The fintech industry has been witnessing solid growth for quite some time, and the momentum accelerated after the coronavirus outbreak. PayPal Holdings Inc. (NASDAQ: PYPL), the payment services company that created its own payment ecosystem, has capitalized on the digital shift. PayPal’s stock suffered a major selloff following its earnings release this week, extending the […]

November 10, 2021 3 min read

The fintech industry has been witnessing solid growth for quite some time, and the momentum accelerated after the coronavirus outbreak. PayPal Holdings Inc. (NASDAQ: PYPL), the payment services company that created its own payment ecosystem, has capitalized on the digital shift.

PayPal’s stock suffered a major selloff following its earnings release this week, extending the downturn experienced since the July peak.

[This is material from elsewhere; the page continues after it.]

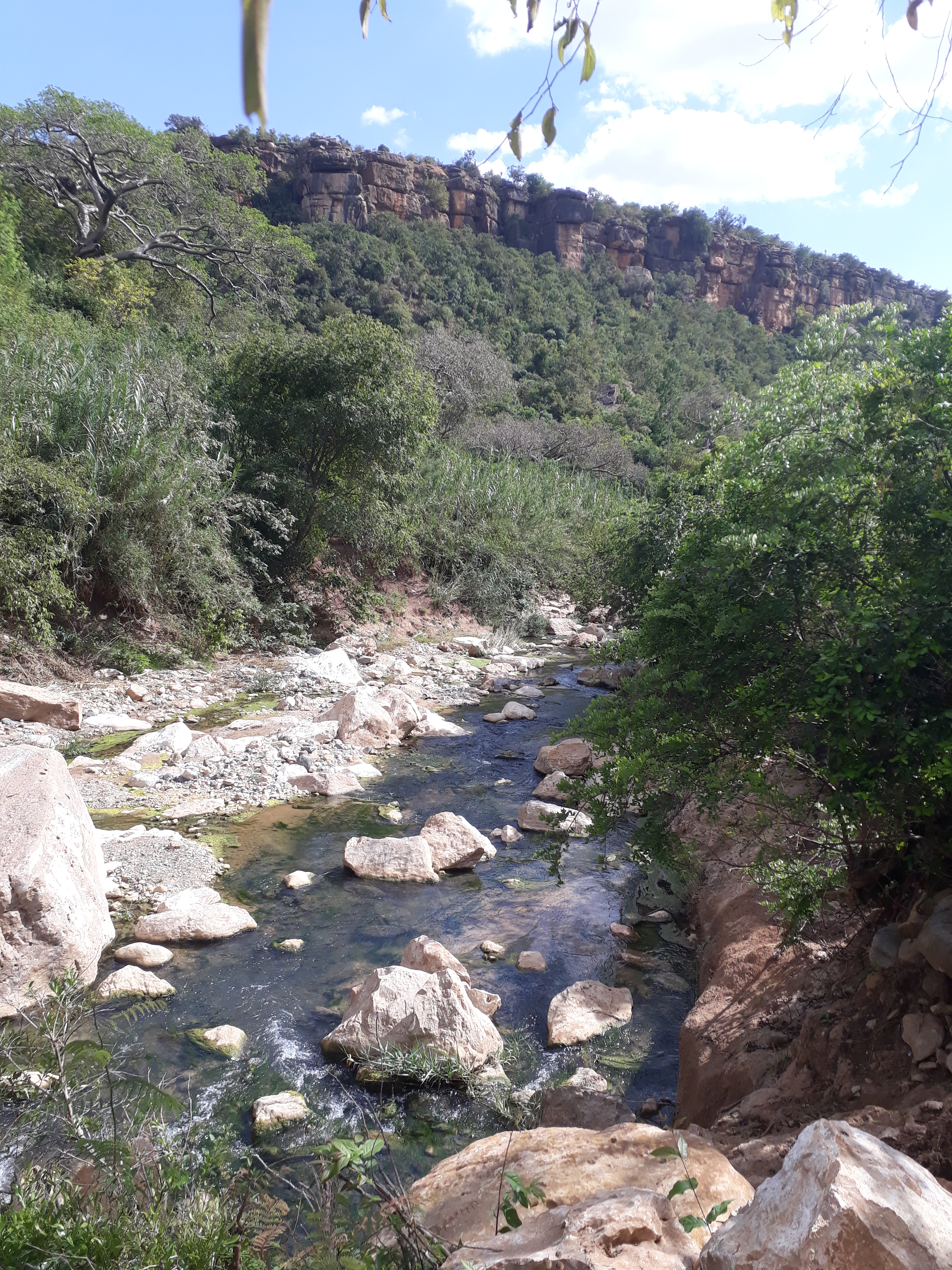 upper Inda Sillasie R

It was triggered by weaker-than-expected revenue performance in the third quarter and the management’s cautious guidance. The company’s tie-up with Amazon.com Inc. (NASDAQ: AMZN) for its Venmo services added to investors’ concerns.  

Buy PYPL?

Having slipped to a one-year low, the stock has become one of the cheapest in the segment. For many, this could be a rare opportunity to own PYPL, and analysts’ strong buy recommendation underscores the bullish sentiment. Experts see a 44% growth in the next twelve months, which will take the stock close to the $300-mark.  From the investment perspective, keeping the company on the watch list would pay off.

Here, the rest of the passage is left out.